*** Block opens ***

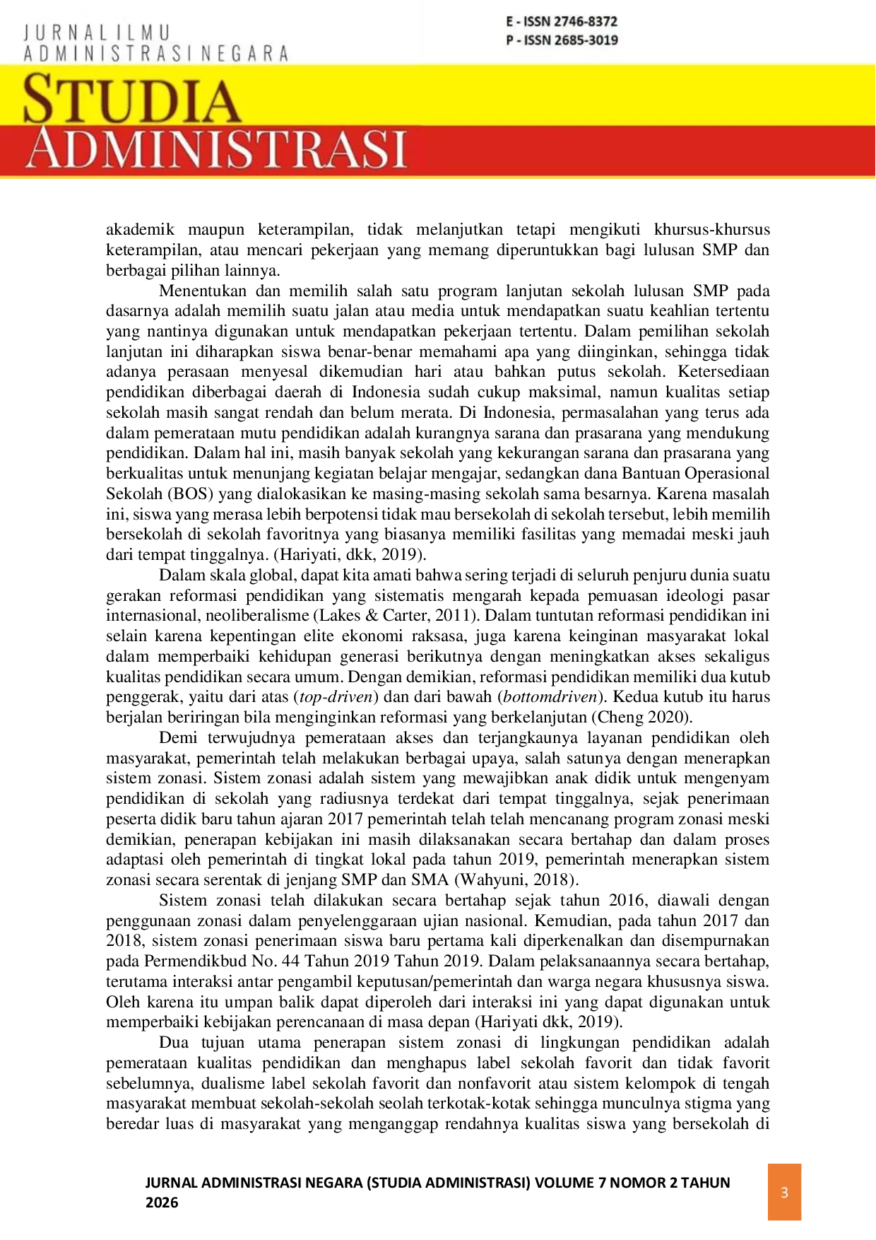 Jurnal Studia AdministrasiJurnal Studia AdministrasiKebijakan sistem zonasi belum sepenuhnya diimplementasikan sesuai dengan peraturan perundang-undangan yang relevan. Penelitian ini bertujuan untuk mengkaji bagaimana kebijakan sistem zonasi diimplementasikan dan bagaimana pengaruhnya terhadap Penerimaan Siswa Baru (PPDB) di tingkat SMP swasta di Kabupaten Sungailiat. Sekolah swasta sangat terpengaruh oleh sistem zonasi, yang pertama kali diterapkan untuk menyamakan akses dan kualitas pendidikan di sekolah negeri, terutama dalam hal jumlah pelamar yang lebih sedikit. Penelitian ini menggunakan metodologi kualitatif deskriptif dengan sumber data primer dan sekunder. Hasil penelitian menunjukkan bahwa implementasi kebijakan zonasi belum sepenuhnya mempertimbangkan pemerataan akses pendidikan, sehingga berdampak negatif bagi sekolah swasta, terutama pada masa awal pemberlakuan zonasi. Kebijakan sistem zonasi belum sepenuhnya memeratakan akses pendidikan. Terdapat pula ketimpangan persepsi di masyarakat yang lebih memprioritaskan sekolah negeri. Rekomendasi yang diberikan antara lain perlunya pedoman teknis zonasi yang lebih rinci, monitoring dan evaluasi berkala, peningkatan kualitas layanan pendidikan di sekolah swasta, serta penguatan kolaborasi dan sosialisasi kepada masyarakat untuk menciptakan distribusi peserta didik yang lebih merata.
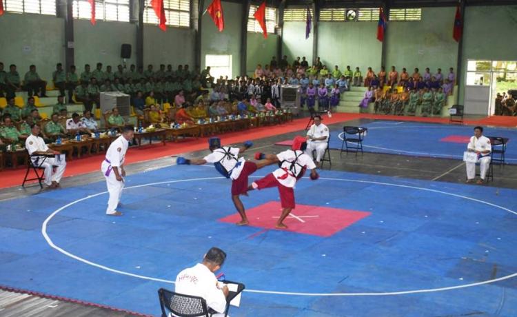 ၂၀၂၅ခုနှစ်၊ (၃၂)ကြိမ်မြောက် တပ်မတော်ကာကွယ်ရေးဦးစီးချုပ်ဒိုင်း တပ်မတော် (ကြည်း၊ရေ၊လေ) (အမျိုးသား/အမျိုးသမီး) မြန်မာ့သိုင်းပြိုင်ပွဲ ဖွင့်ပွဲကို ယနေ့ မွန်းလွဲပိုင်း တွင် ရန်ကုန်တိုင်းစစ်ဌာနချုပ် နဝဒေးအားကစားရုံ၌ ပြုလုပ်ရာ တပ်မတော်ကာကွယ် ရေးဦးစီးချုပ် ကိုယ်စား တိုင်းမှူး ဗိုလ်ချုပ် ပြည့်စုံလင်း နှင့်တာဝန်ရှိသူများ၊ အရာရှိ၊ စစ်သည်၊ မိသားစုများ၊ ဒိုင်အဖွဲ့ဝင်များနှင့် ပြိုင်ပွဲဝင်အားကစားသမားများ တက်ရောက် ကြသည်။
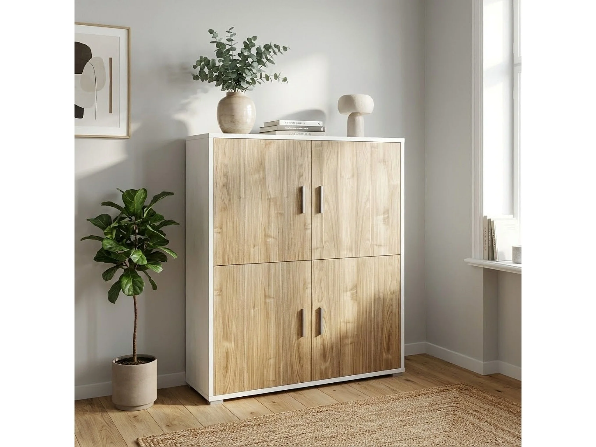 MilaniHome.it - madia moderna con 2 cassetti e tre ante di design moderno contemporaneo cm 106 x 36 x 83 hdi coloreQuercia Chiaro
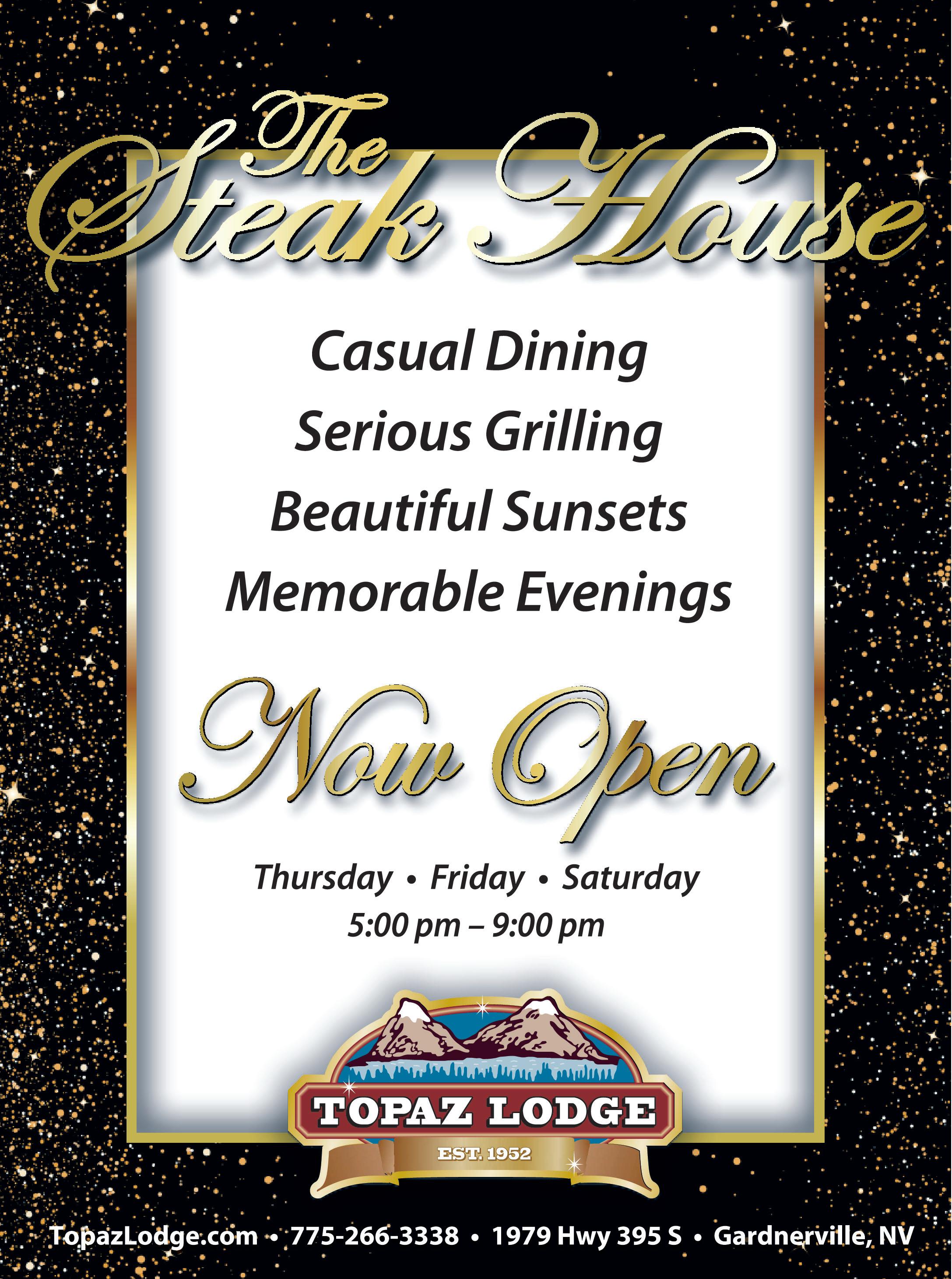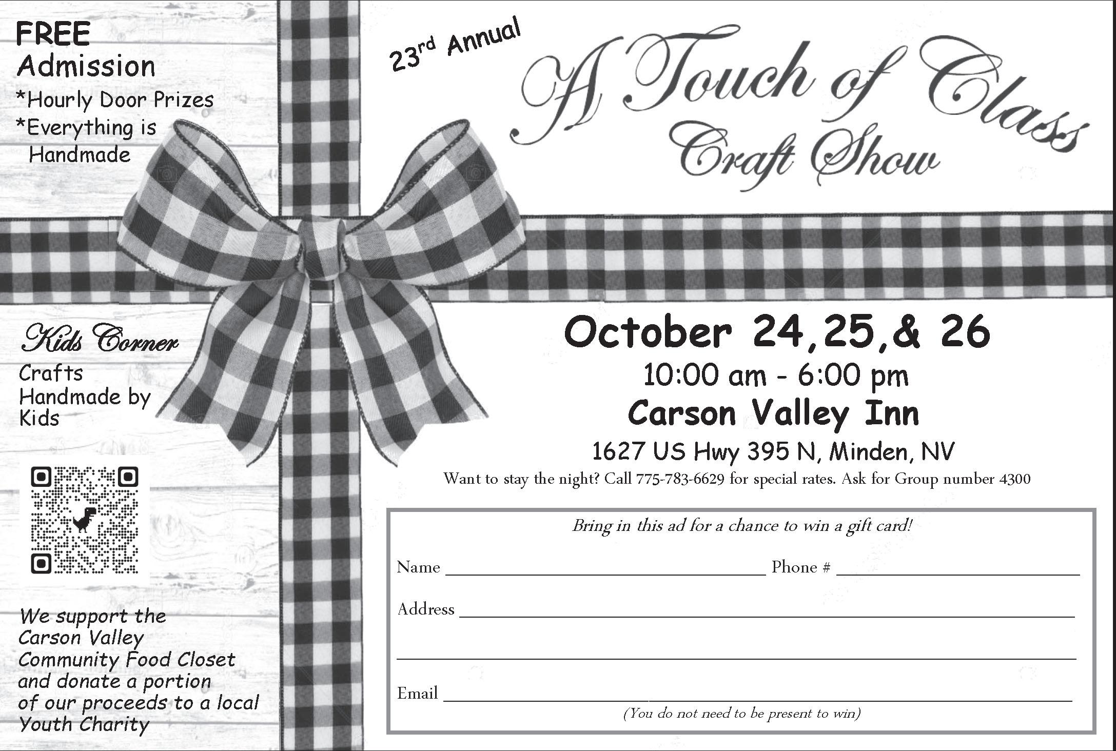 The Carson Valley Women’s Golf Club ... is holding a benefit golf tournament, Teeing Up For The Cure, on Saturday, October 12th at the Carson Valley Golf Course. The cost is $100/person which includes your green free, golf cart, swag bag, and lunch. Shotgun start is 10:00 a.m. Play will include the option of purchasing team mulligans, a 5-card draw poker run, three closest to the pin competitions, and a longest drive competition for both men and women divisions. There will be both a raffle prize drawing and silent auction with prizes that include two rounds of golf at Edgewood. Carson Tahoe Regional Hospital is a not-for-profit hospital that relies on the generosity of the community to help it remain independent and solvent. To help them continue to achieve that goal, all proceeds from the golf tournament will benefit and support the Carson Tahoe Cancer Center Breast Fund’s efforts to help women in their breast cancer recovery journeys. Contact Carson Valley Golf Course at (775) 265-3181 or visit www.carsonvalleygolf. com to reserve your spot and make a difference in someone’s life. Only checks or cash will be accepted for payment. Unfortunately, we are unable to accept credit cards.
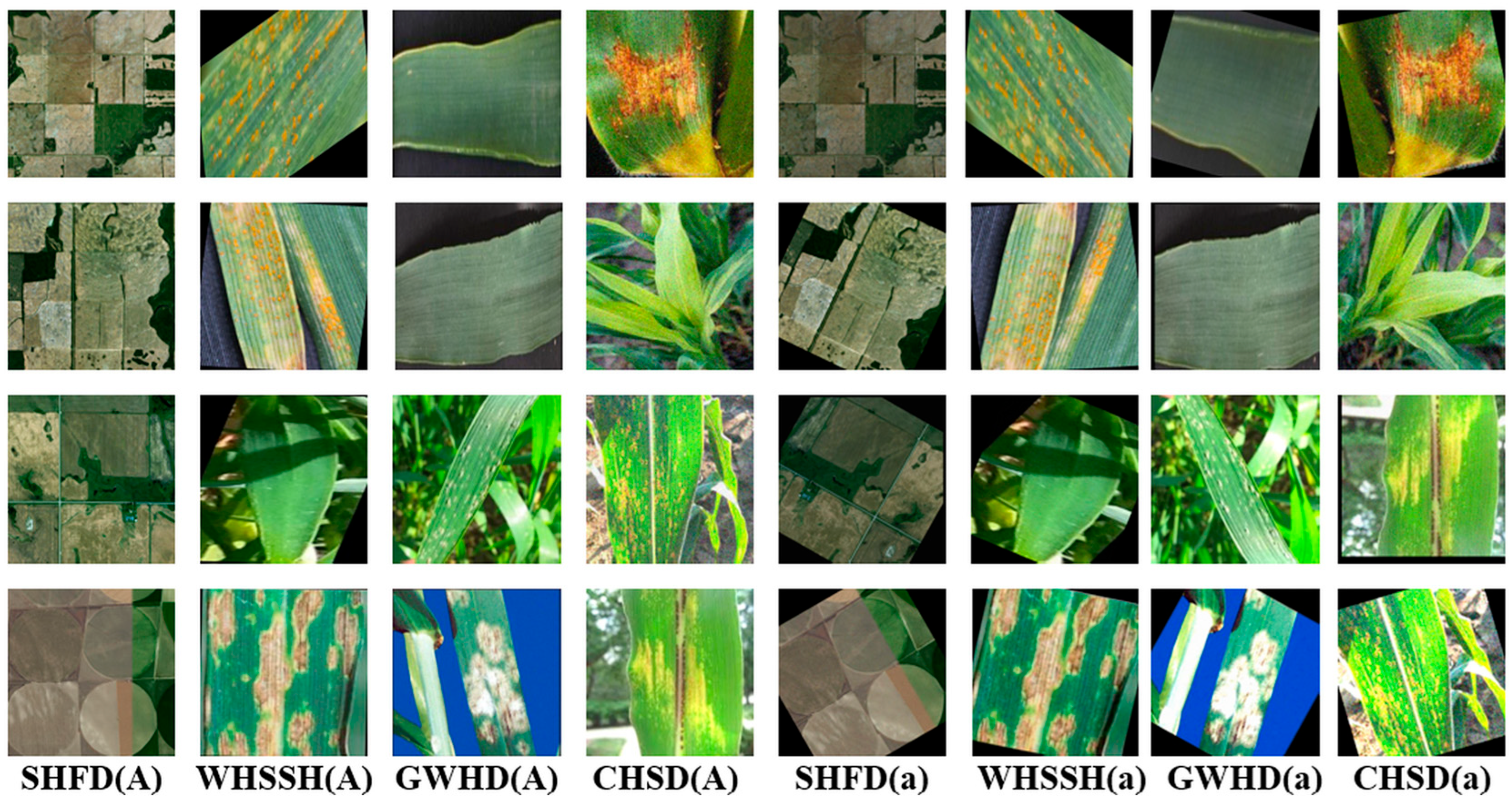 - Representativeness of Data Sources: The combination includes both internationally recognized public benchmark datasets (GWHD, CHSD), ensuring comparability with existing research, and non-public datasets (SHFD, WHSSH) specifically constructed to reflect the practical demands and challenges in regional monitoring scenarios.

*** Block closes ***

**Activity**. Copy all the data exactly as written, but skip any picture.

**Answer below**.
 Jurnal Studia AdministrasiJurnal Studia AdministrasiKebijakan sistem zonasi belum sepenuhnya diimplementasikan sesuai dengan peraturan perundang-undangan yang relevan. Penelitian ini bertujuan untuk mengkaji bagaimana kebijakan sistem zonasi diimplementasikan dan bagaimana pengaruhnya terhadap Penerimaan Siswa Baru (PPDB) di tingkat SMP swasta di Kabupaten Sungailiat. Sekolah swasta sangat terpengaruh oleh sistem zonasi, yang pertama kali diterapkan untuk menyamakan akses dan kualitas pendidikan di sekolah negeri, terutama dalam hal jumlah pelamar yang lebih sedikit. Penelitian ini menggunakan metodologi kualitatif deskriptif dengan sumber data primer dan sekunder. Hasil penelitian menunjukkan bahwa implementasi kebijakan zonasi belum sepenuhnya mempertimbangkan pemerataan akses pendidikan, sehingga berdampak negatif bagi sekolah swasta, terutama pada masa awal pemberlakuan zonasi. Kebijakan sistem zonasi belum sepenuhnya memeratakan akses pendidikan. Terdapat pula ketimpangan persepsi di masyarakat yang lebih memprioritaskan sekolah negeri. Rekomendasi yang diberikan antara lain perlunya pedoman teknis zonasi yang lebih rinci, monitoring dan evaluasi berkala, peningkatan kualitas layanan pendidikan di sekolah swasta, serta penguatan kolaborasi dan sosialisasi kepada masyarakat untuk menciptakan distribusi peserta didik yang lebih merata.
 ၂၀၂၅ခုနှစ်၊ (၃၂)ကြိမ်မြောက် တပ်မတော်ကာကွယ်ရေးဦးစီးချုပ်ဒိုင်း တပ်မတော် (ကြည်း၊ရေ၊လေ) (အမျိုးသား/အမျိုးသမီး) မြန်မာ့သိုင်းပြိုင်ပွဲ ဖွင့်ပွဲကို ယနေ့ မွန်းလွဲပိုင်း တွင် ရန်ကုန်တိုင်းစစ်ဌာနချုပ် နဝဒေးအားကစားရုံ၌ ပြုလုပ်ရာ တပ်မတော်ကာကွယ် ရေးဦးစီးချုပ် ကိုယ်စား တိုင်းမှူး ဗိုလ်ချုပ် ပြည့်စုံလင်း နှင့်တာဝန်ရှိသူများ၊ အရာရှိ၊ စစ်သည်၊ မိသားစုများ၊ ဒိုင်အဖွဲ့ဝင်များနှင့် ပြိုင်ပွဲဝင်အားကစားသမားများ တက်ရောက် ကြသည်။
 MilaniHome.it - madia moderna con 2 cassetti e tre ante di design moderno contemporaneo cm 106 x 36 x 83 hdi coloreQuercia Chiaro
 The Carson Valley Women’s Golf Club ... is holding a benefit golf tournament, Teeing Up For The Cure, on Saturday, October 12th at the Carson Valley Golf Course. The cost is $100/person which includes your green free, golf cart, swag bag, and lunch. Shotgun start is 10:00 a.m. Play will include the option of purchasing team mulligans, a 5-card draw poker run, three closest to the pin competitions, and a longest drive competition for both men and women divisions. There will be both a raffle prize drawing and silent auction with prizes that include two rounds of golf at Edgewood. Carson Tahoe Regional Hospital is a not-for-profit hospital that relies on the generosity of the community to help it remain independent and solvent. To help them continue to achieve that goal, all proceeds from the golf tournament will benefit and support the Carson Tahoe Cancer Center Breast Fund’s efforts to help women in their breast cancer recovery journeys. Contact Carson Valley Golf Course at (775) 265-3181 or visit www.carsonvalleygolf. com to reserve your spot and make a difference in someone’s life. Only checks or cash will be accepted for payment. Unfortunately, we are unable to accept credit cards.
 - Representativeness of Data Sources: The combination includes both internationally recognized public benchmark datasets (GWHD, CHSD), ensuring comparability with existing research, and non-public datasets (SHFD, WHSSH) specifically constructed to reflect the practical demands and challenges in regional monitoring scenarios.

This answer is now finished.